• [Problem to solve]: No pictures, please. Output the lines from the start of the data through the line that contains "Jumper negro floreado", both included, exactly as they stand.

• [Data records]:

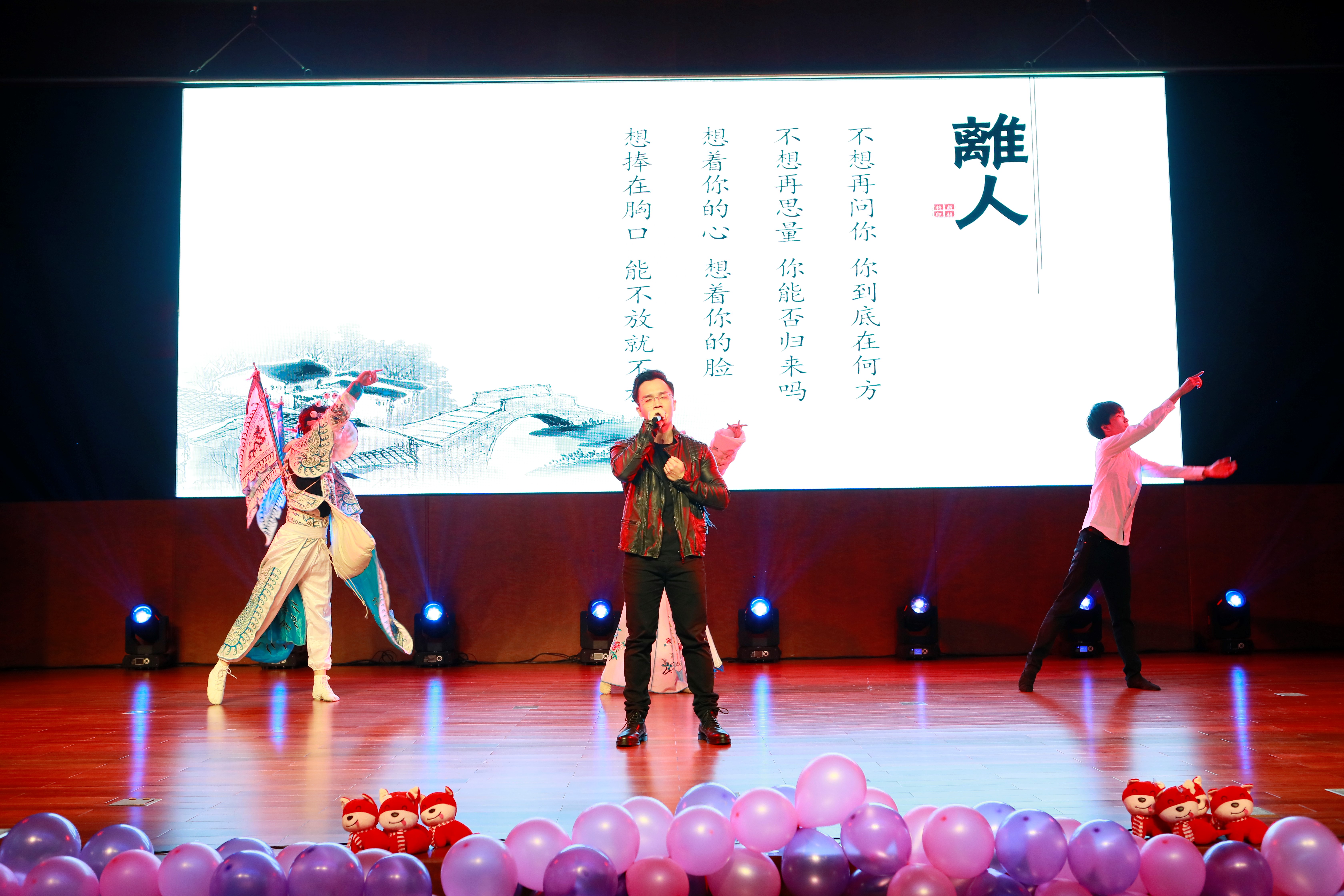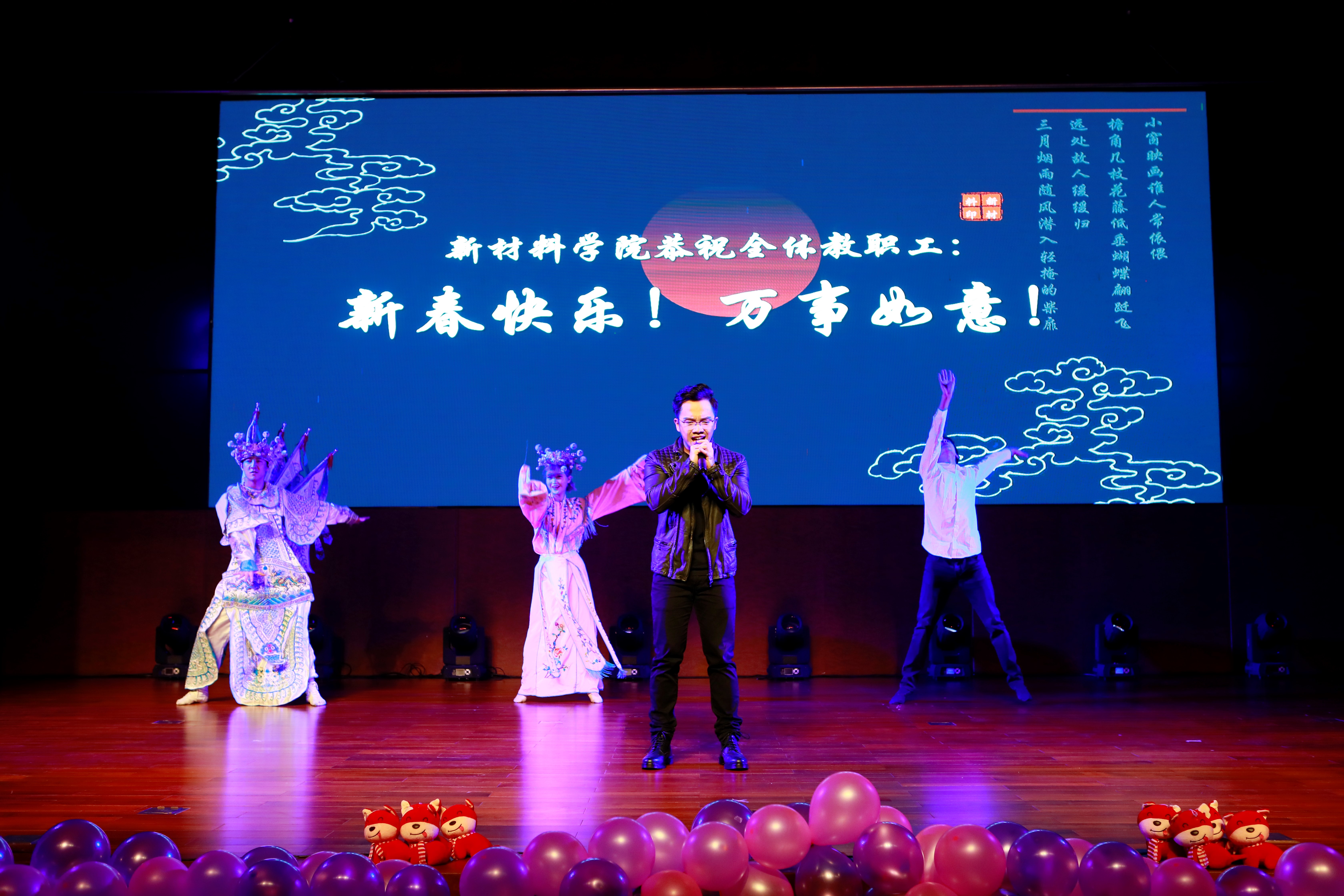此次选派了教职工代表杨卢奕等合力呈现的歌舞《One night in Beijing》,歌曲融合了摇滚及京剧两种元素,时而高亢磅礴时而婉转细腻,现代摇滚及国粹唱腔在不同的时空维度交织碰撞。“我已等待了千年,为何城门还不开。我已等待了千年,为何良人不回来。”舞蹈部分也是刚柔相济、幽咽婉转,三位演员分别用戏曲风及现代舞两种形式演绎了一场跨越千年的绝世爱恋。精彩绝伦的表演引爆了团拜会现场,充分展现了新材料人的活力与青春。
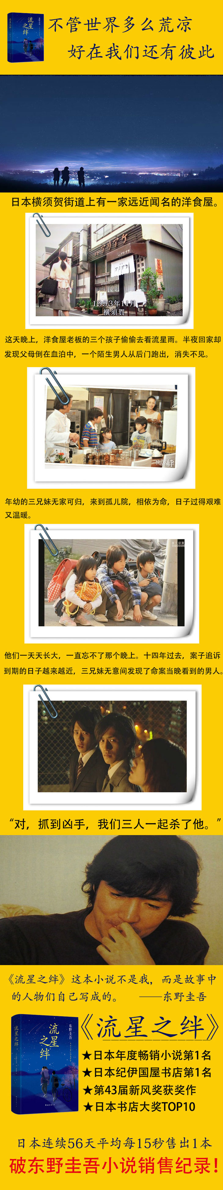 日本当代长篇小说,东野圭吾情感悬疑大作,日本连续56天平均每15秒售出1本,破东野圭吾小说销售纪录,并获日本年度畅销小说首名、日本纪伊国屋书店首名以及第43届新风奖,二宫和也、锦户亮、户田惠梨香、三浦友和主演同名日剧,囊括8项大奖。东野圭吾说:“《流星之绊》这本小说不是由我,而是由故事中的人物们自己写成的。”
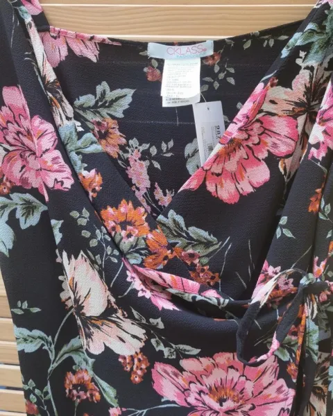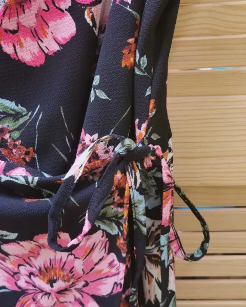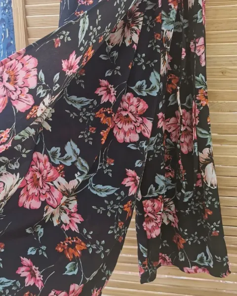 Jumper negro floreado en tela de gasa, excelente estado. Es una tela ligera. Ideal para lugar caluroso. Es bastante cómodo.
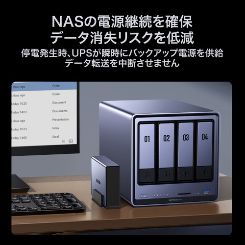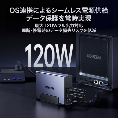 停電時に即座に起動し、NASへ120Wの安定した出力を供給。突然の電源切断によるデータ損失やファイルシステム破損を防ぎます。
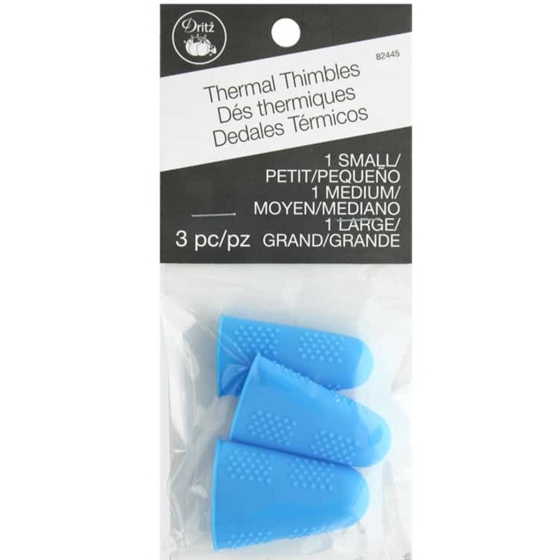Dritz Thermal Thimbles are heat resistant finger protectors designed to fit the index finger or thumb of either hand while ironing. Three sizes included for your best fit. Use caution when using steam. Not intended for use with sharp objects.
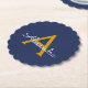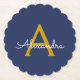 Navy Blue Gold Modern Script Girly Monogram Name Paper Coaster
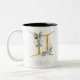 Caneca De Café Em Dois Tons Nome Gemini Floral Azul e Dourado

• [Written answer]:
此次选派了教职工代表杨卢奕等合力呈现的歌舞《One night in Beijing》,歌曲融合了摇滚及京剧两种元素,时而高亢磅礴时而婉转细腻,现代摇滚及国粹唱腔在不同的时空维度交织碰撞。“我已等待了千年,为何城门还不开。我已等待了千年,为何良人不回来。”舞蹈部分也是刚柔相济、幽咽婉转,三位演员分别用戏曲风及现代舞两种形式演绎了一场跨越千年的绝世爱恋。精彩绝伦的表演引爆了团拜会现场,充分展现了新材料人的活力与青春。
 日本当代长篇小说,东野圭吾情感悬疑大作,日本连续56天平均每15秒售出1本,破东野圭吾小说销售纪录,并获日本年度畅销小说首名、日本纪伊国屋书店首名以及第43届新风奖,二宫和也、锦户亮、户田惠梨香、三浦友和主演同名日剧,囊括8项大奖。东野圭吾说:“《流星之绊》这本小说不是由我,而是由故事中的人物们自己写成的。”
 Jumper negro floreado en tela de gasa, excelente estado. Es una tela ligera. Ideal para lugar caluroso. Es bastante cómodo.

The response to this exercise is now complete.